Using the listing below, copy exactly each line from the one that has "a white background" through the one that has "물 품 명 | 김숙 /"; omit the pictures.

■ Recorded data
»»
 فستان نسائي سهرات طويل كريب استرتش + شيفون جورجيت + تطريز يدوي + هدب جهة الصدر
««
»»
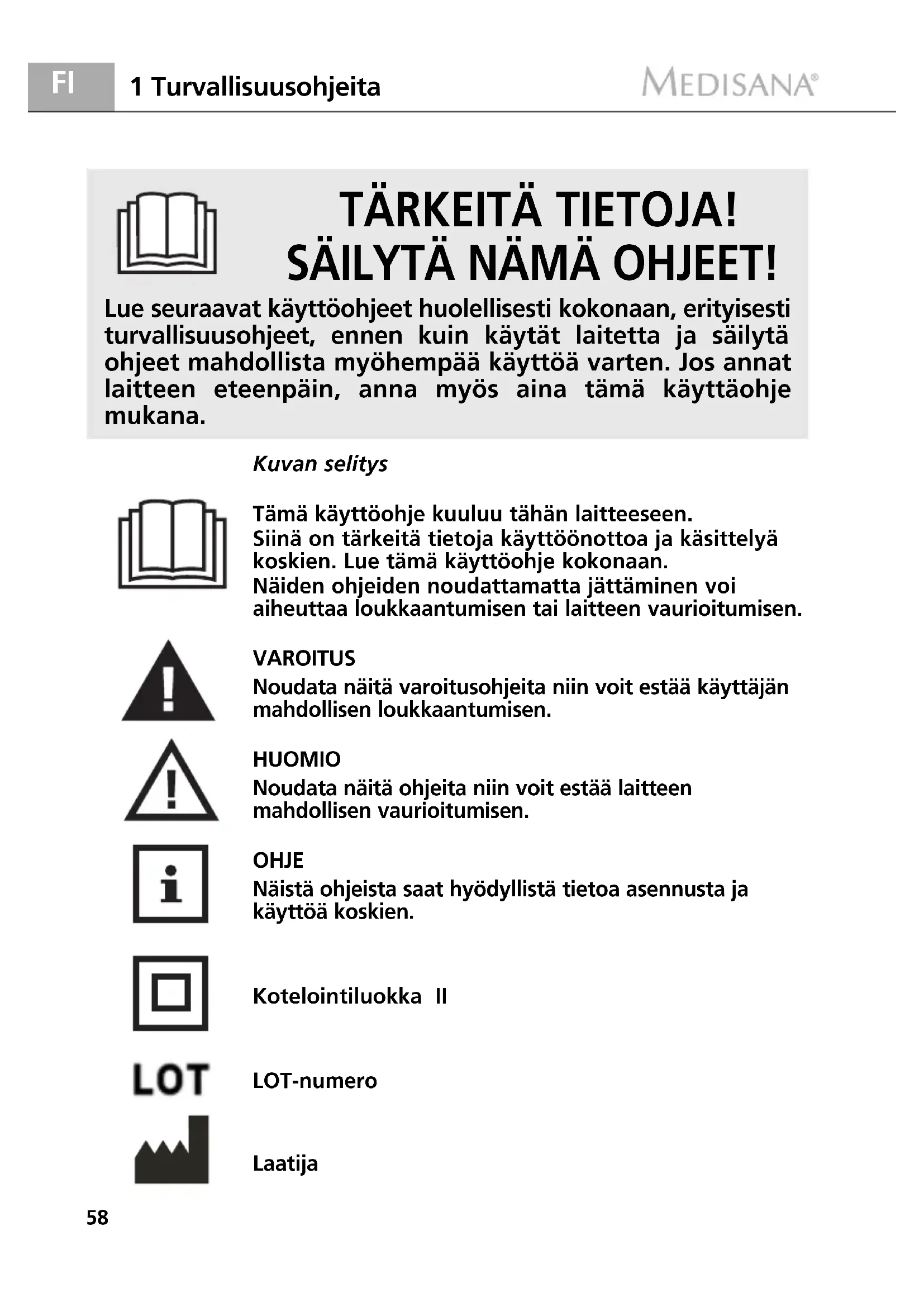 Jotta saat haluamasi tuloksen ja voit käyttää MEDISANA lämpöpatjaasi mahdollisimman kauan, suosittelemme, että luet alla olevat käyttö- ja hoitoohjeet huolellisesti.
««
»»
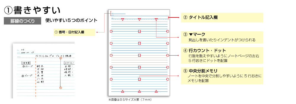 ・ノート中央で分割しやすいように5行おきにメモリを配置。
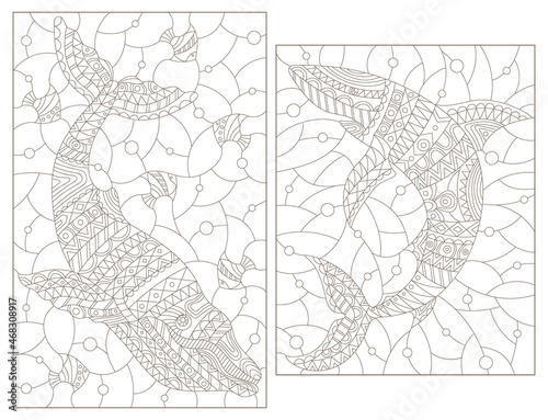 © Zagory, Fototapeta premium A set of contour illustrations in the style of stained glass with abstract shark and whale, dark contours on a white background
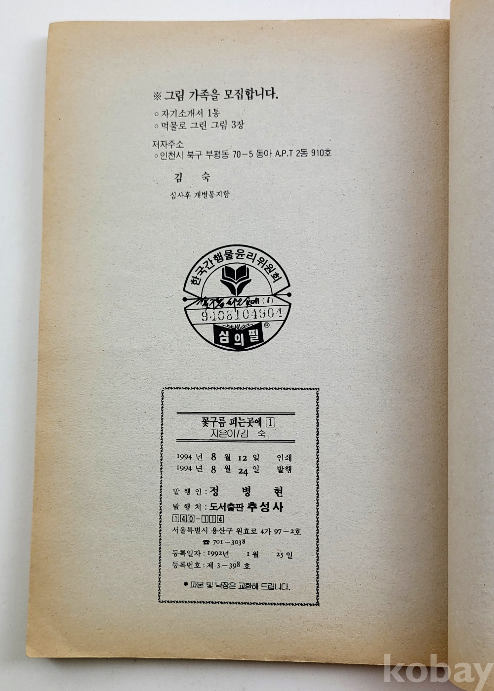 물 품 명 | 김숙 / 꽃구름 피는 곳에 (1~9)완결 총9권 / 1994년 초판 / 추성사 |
««
■ Task answer
 © Zagory, Fototapeta premium A set of contour illustrations in the style of stained glass with abstract shark and whale, dark contours on a white background
 물 품 명 | 김숙 / 꽃구름 피는 곳에 (1~9)완결 총9권 / 1994년 초판 / 추성사 |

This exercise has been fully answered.